Three things will last forever–faith, hope, and love–and the greatest of these is love.

St. Paul (1 Corinthians 13, NLT)

It is fitting to end this series on Building Treasure in Heaven by reflecting on love, because as Paul beautifully puts it, love is the greatest of all the virtues. In fact, we can be bold and state that, ultimately, all the virtues are in support of love or are expressions of love. Love is at the heart of the Christian life for the simple fact that God is love and Jesus shows us what love looks like. If there is one virtue that we need to focus on, it is love.

What is Love?

There are two problems with the English word ‘love.’ First, we can love God, love our children, love coffee, love the sunset and love going fast. They don’t all mean the same thing! Second, in English, ‘love’ usually means a feeling, whereas in the Bible, ‘love’ means a feeling but ALSO a decision and a practice. One can practice love without feeling anything. This is important.

As Tim Mackie points out in his video on Biblical love, Jesus’ disciples didn’t consult a dictionary to find out the meaning of love; they looked at Jesus. They saw a man worried that the leaders of Israel were not protecting the people of Israel and drawing them to God. Jesus saw the people as ‘sheep without a shepherd,’ so he lived to show them what love looks like.

Christ washing the Feet of the Disciples by Jacopo Tintoretto, c. 1575-80 (The National Gallery)

The disciples watched Jesus spend three years reaching out to the people in need, completely bypassing the leadership. He healed people who were sick or worried about their loved ones. In many different ways, he taught them the good news of the coming of the Kingdom of God. He fed thousands of hungry people. Jesus continually reached out to people on the margins, bringing grace to the rejected: the lepers; people struggling with demons; tax collectors and prostitutes.

The Scandal of Love

Jesus’ care for people was deeply shocking to the religious establishment of his day. He taught the disciples about love with shocking actions. For instance, he got down on his knees like a slave to wash the dirt and filth of the day off of Peter’s feet. Peter couldn’t handle that, but Jesus invited him to look deeper: this is what love looks like. It reaches out and shows mercy, especially when the situation is messy and hard. Love reaches even to the people who hate us and whom we might hate. It is not necessarily a feeling. In fact, we might even be repelled by acts of hard love. But Jesus calls us to love anyway.

Love shows itself in action. To show mercy is at the heart of what it means to be a Christian. Why? Jesus helps us to understand when he gives us the great commandment: we are called to love God with all our heart, and to love our neighbours as ourselves. He doesn’t separate these, but makes them one piece.
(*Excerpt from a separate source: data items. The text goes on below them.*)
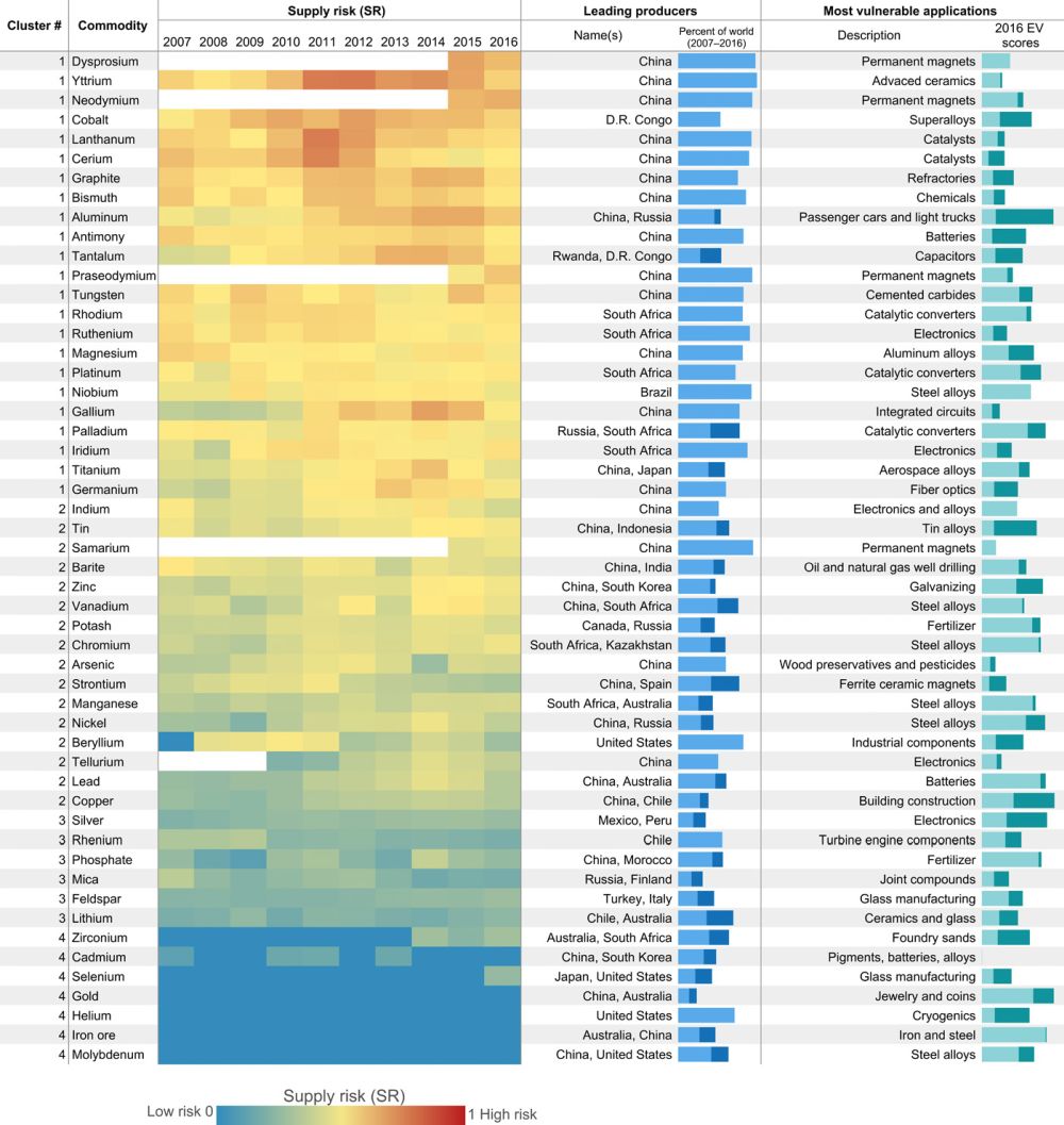 Gulley A L, Nassar N T, Xun S. China, the United States, and competition for resources that enable emerging technologies[J]. Proceedings of the National Academy of Sciences, 2018, 115(16): 4111-4115.(链接)
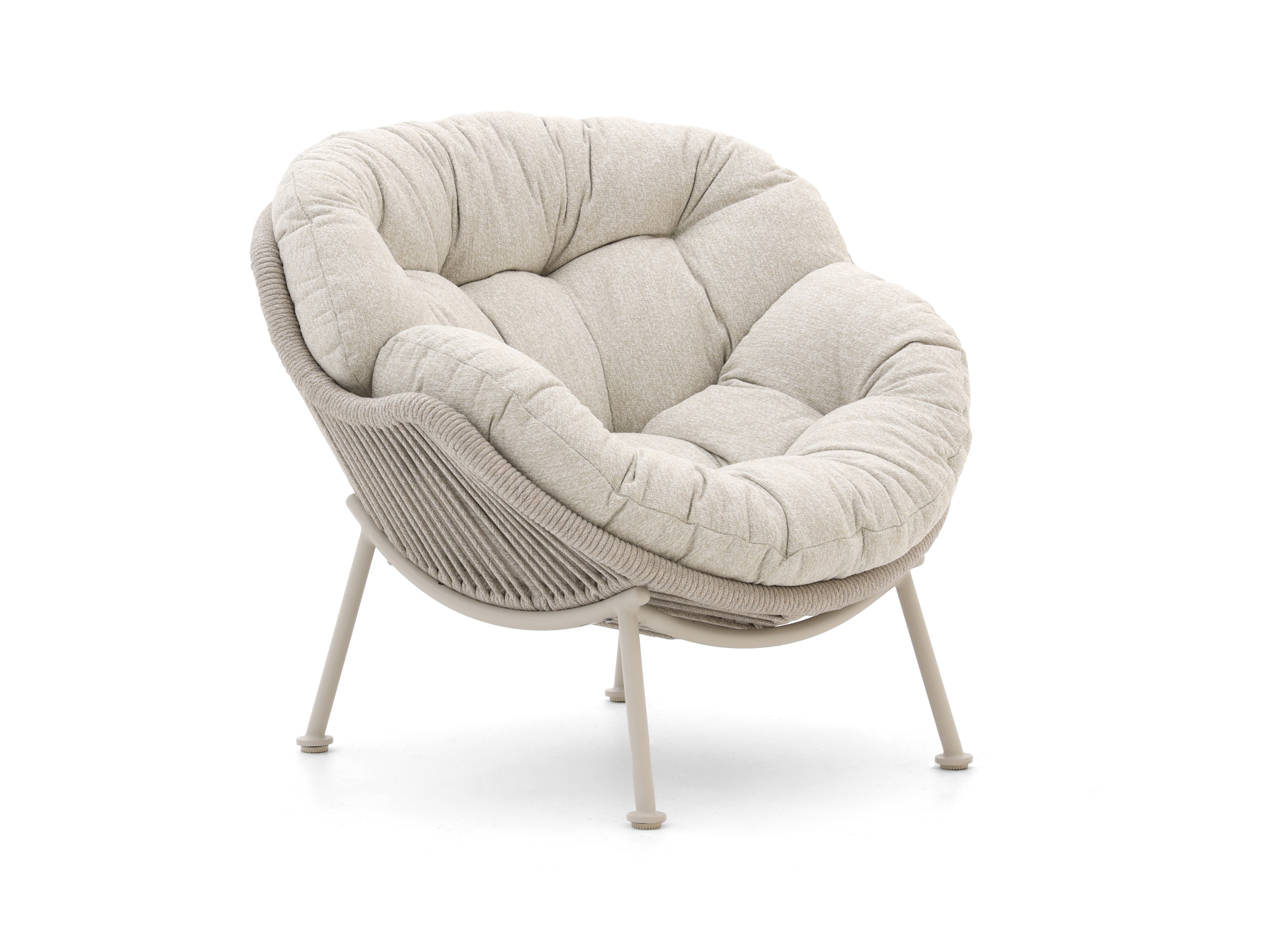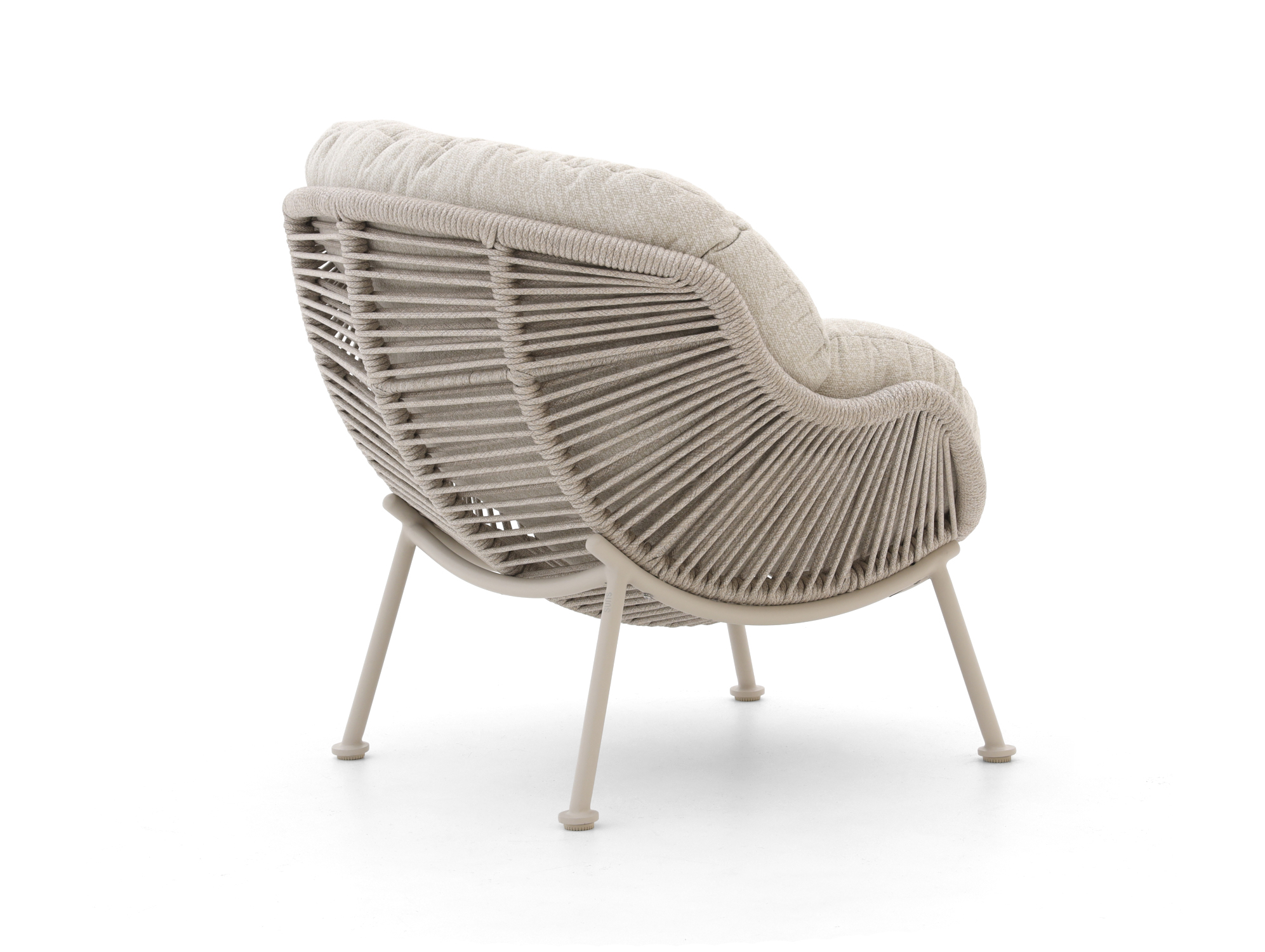 De SUNS Siano lounge tuinstoel beige is een loungestoel waarin je echt even onderuit kunt zakken, ideaal voor wie graag langer natafelt of met een boek in de tuin zit. De rugleuning staat net wat verder naar achter dan bij een diningstoel, waardoor je automatisch meer ontspant. Het aluminium frame is licht van gewicht, roest niet en heeft weinig onderhoud nodig, dus je schuift deze stoel makkelijk even opzij of naar een ander hoekje van je terras. De zitting en rug zijn van rope, dat snel opdroogt na een regenbui en niet warm wordt in de volle zon, waardoor je ook op warme dagen prettig blijft zitten. De inbegrepen kussens in zachte bouclé stof zorgen voor extra zitcomfort, vooral als je graag lang blijft hangen buiten.
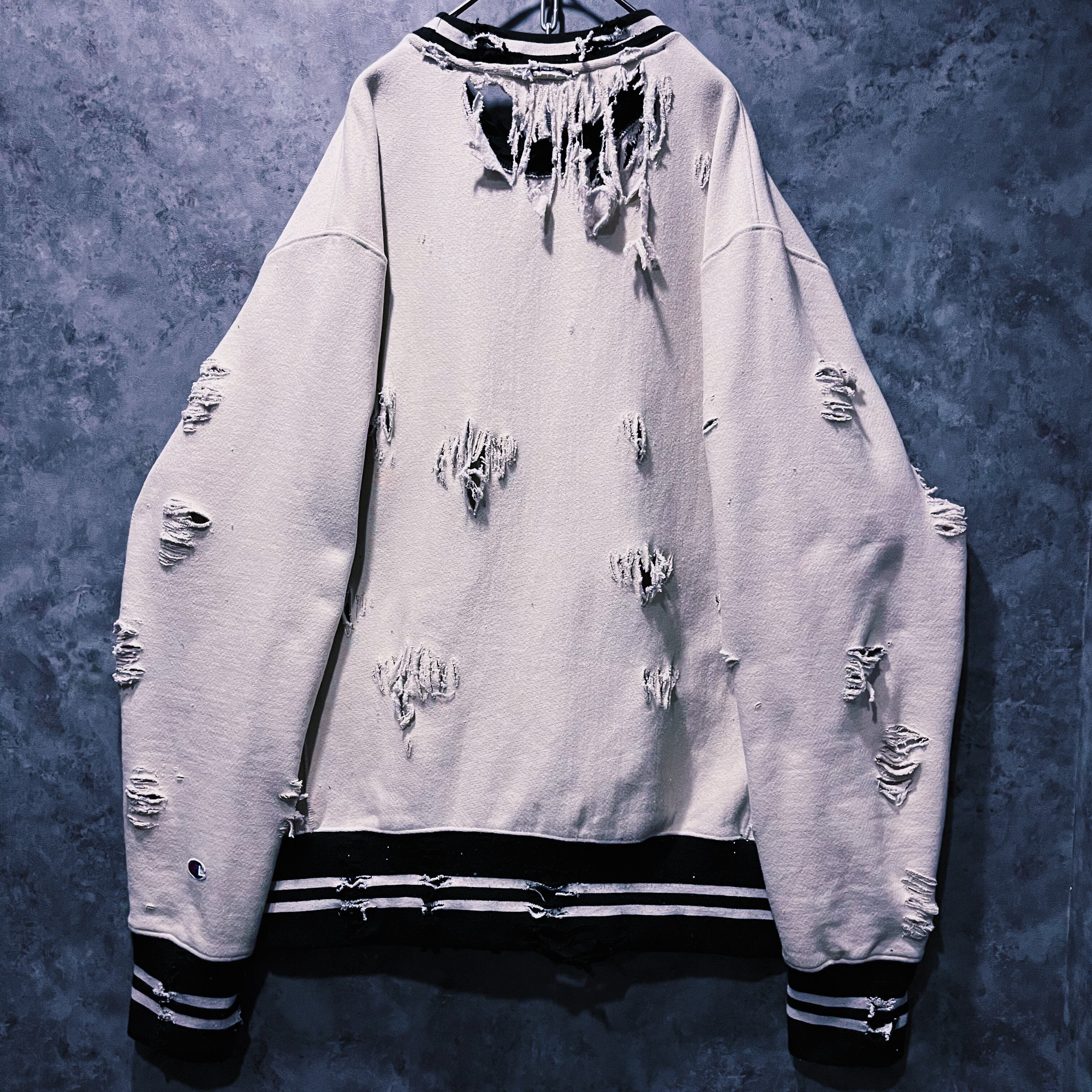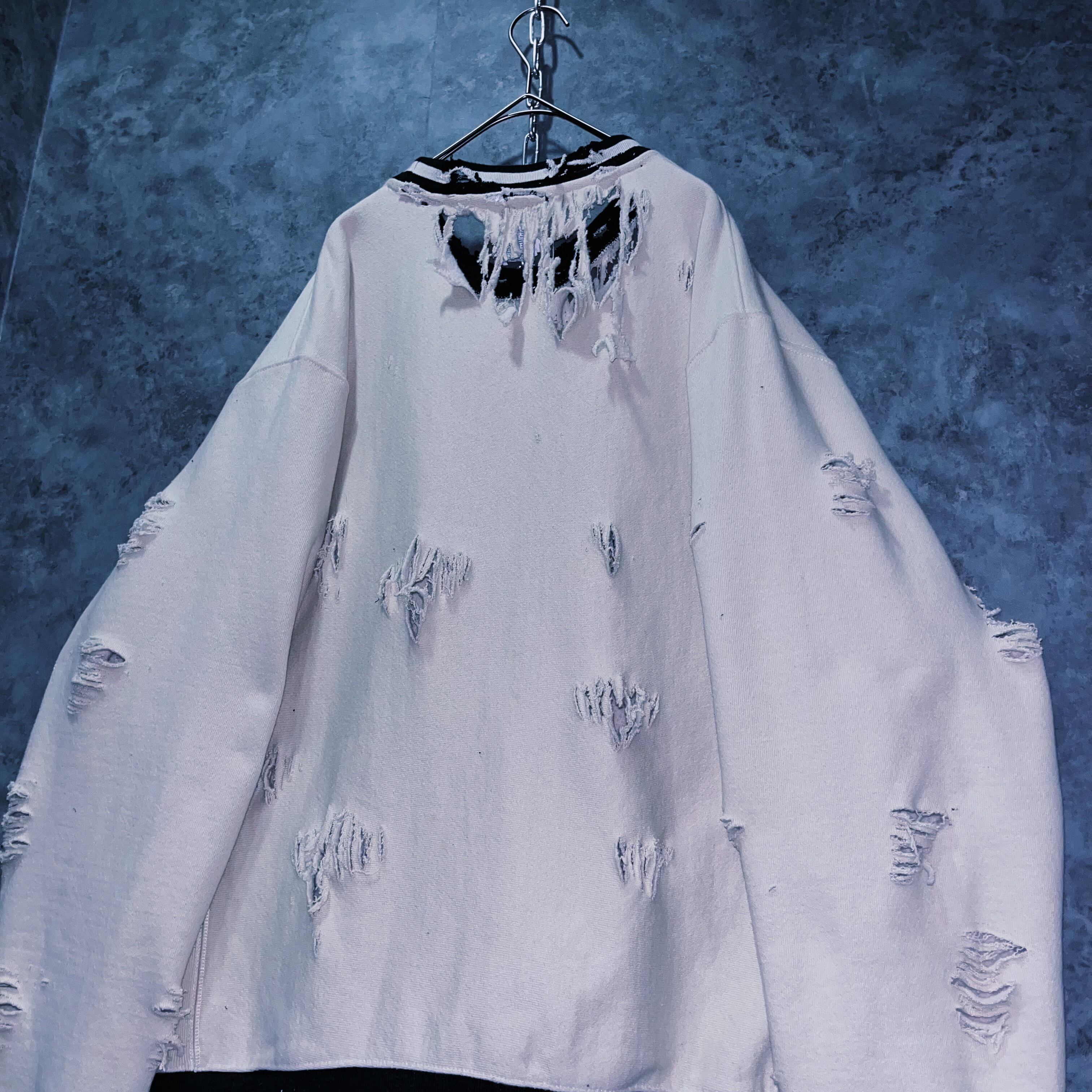 オンラインに載せる前に旅立つことも多く、かなり動きの早いリメイクアイテム。スウェットらしいカジュアルなデザインにボロ加工で一気に目を引くアイテムに。早い者勝ちの逸品。ぜひこの機会に。

We love God by loving our neighbours, and love our neighbours because we love God.

We Know What Love Looks Like Because God First Loved Us

The New Testament teaches that our love for both God and neighbour is PRECEDED by God’s love for us. God’s love reaches out in Jesus Christ for healing and salvation. God comes to us. We don’t have to go to him. God crosses the great divide between us. In Romans 5:8, Paul writes, “God showed his great love for us by sending Christ to die for us while we were still sinners.” And in 1 John 4:9, the apostle John reflects, “God showed how much he loved us by sending his one and only Son into the world so that we might have eternal life through him. This is real love—not that we loved God, but that he loved us.” And of course, John 3:16 reads, “God so loved the world that he send his only begotten Son…”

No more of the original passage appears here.